One recent training session for a batch of new volunteers was led by a veteran activist known as Starhawk, a frizzy-haired writer on feminist politics and pagan spirituality.

“Ground a little more. Put those roots down,” Starhawk told the recruits as she went from one to another pushing her fists into their chests and shoving them backward. Between plastic cups of dark, sugary tea, she also showed them how to protect a shoulder socket while being dragged across the floor and how to use their peripheral vision while maneuvering through volatile crowds.

Andoni admits the training is limited and says some volunteers have lost their composure during heated confrontations. But after a “painful” review of recent events, he concluded that ISM was not at fault in the shootings and standoffs that killed and injured the three members.
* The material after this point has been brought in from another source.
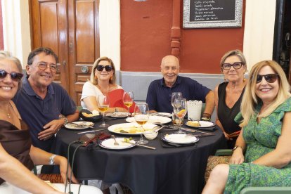 El presidente de la Agrupación de Cofradías, José Rafael Soto, y sus amigos en Cena & Soledad, disfrutando de una buena comida.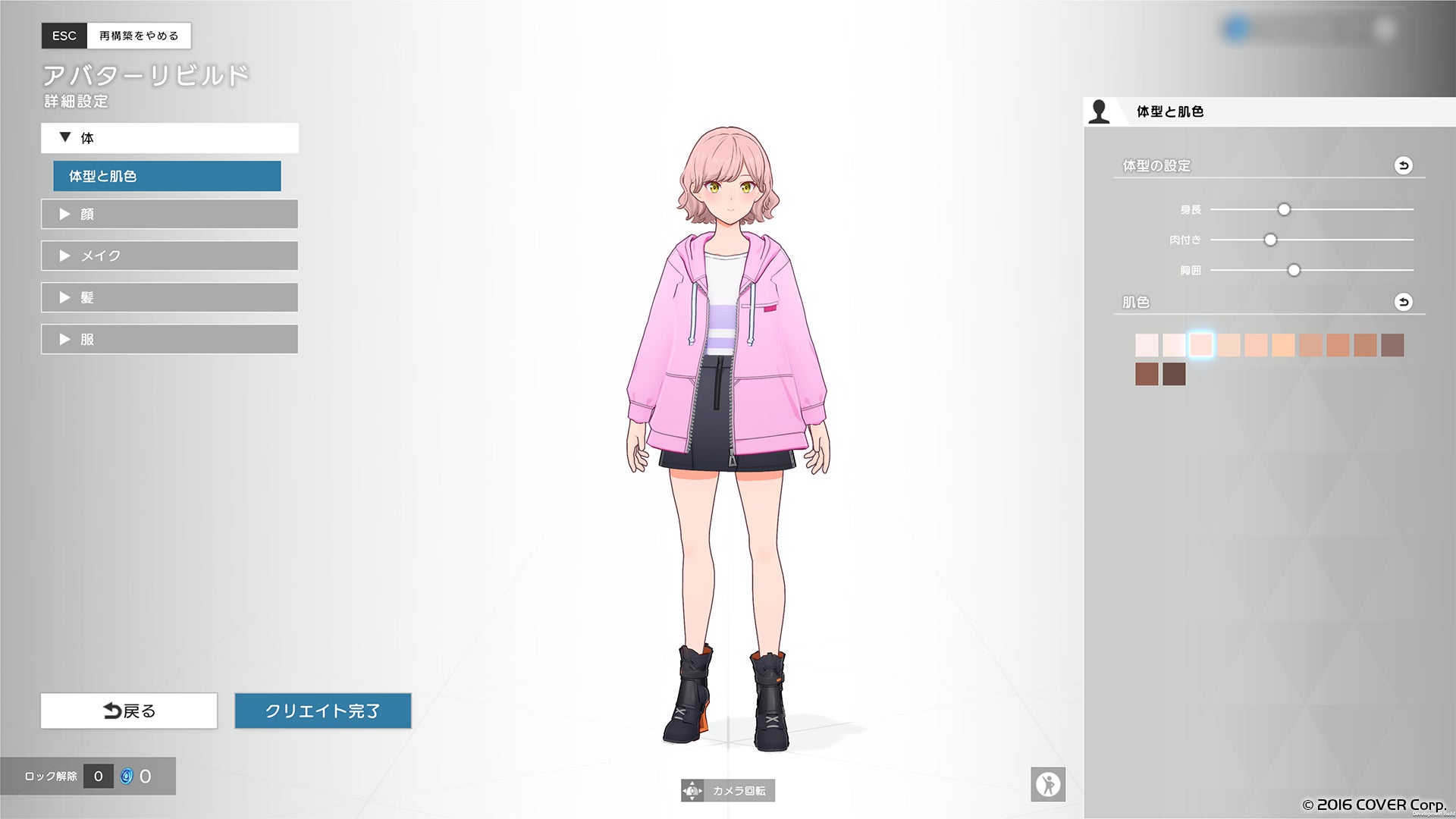 アバターリビルド画面では、性別を含めた全ての変更が可能です。

ISM first made headlines last spring, when its activists slipped past Israeli soldiers in the West Bank city of Ramallah and entered the headquarters of Palestinian Authority President Yasser Arafat as it was pounded by Israeli shells. Other volunteers entered the Church of the Nativity in Bethlehem and stayed through the end of a five-week standoff with Israeli troops.

The group’s most recent move that infuriated Israeli security forces occurred several weeks ago, when members stationed in Jenin took in a wanted Palestinian fleeing from Israeli troops. The two ISM volunteers accused of harboring the suspect later said that he had come into their office from the roof, frightened and dripping wet, and that they didn’t know he was being chased.

“I’m a mainstream American. I’m not an activist,” said Jennifer, who is one of the ISM volunteers accused of protecting the wanted man and who asked that only her first name be used.

Around the corner from where she spoke, Palestinian militants in black hoods discharged automatic rifles into the sky and waved Palestinian flags to commemorate the first anniversary of a deadly Israeli incursion into the Jenin refugee camp.

“There was a curfew. There was gunfire. Knowing that it’s dangerous for anyone to be in the street during curfew, we indicated he could stay,” said Jennifer. “Harboring a terrorist? It’s not even something I thought about.”

As far as ISM’s future is concerned, there doesn’t seem to be any immediate threat. Despite the controversy, risk and living conditions, new recruits are signing up at a record pace, Andoni said.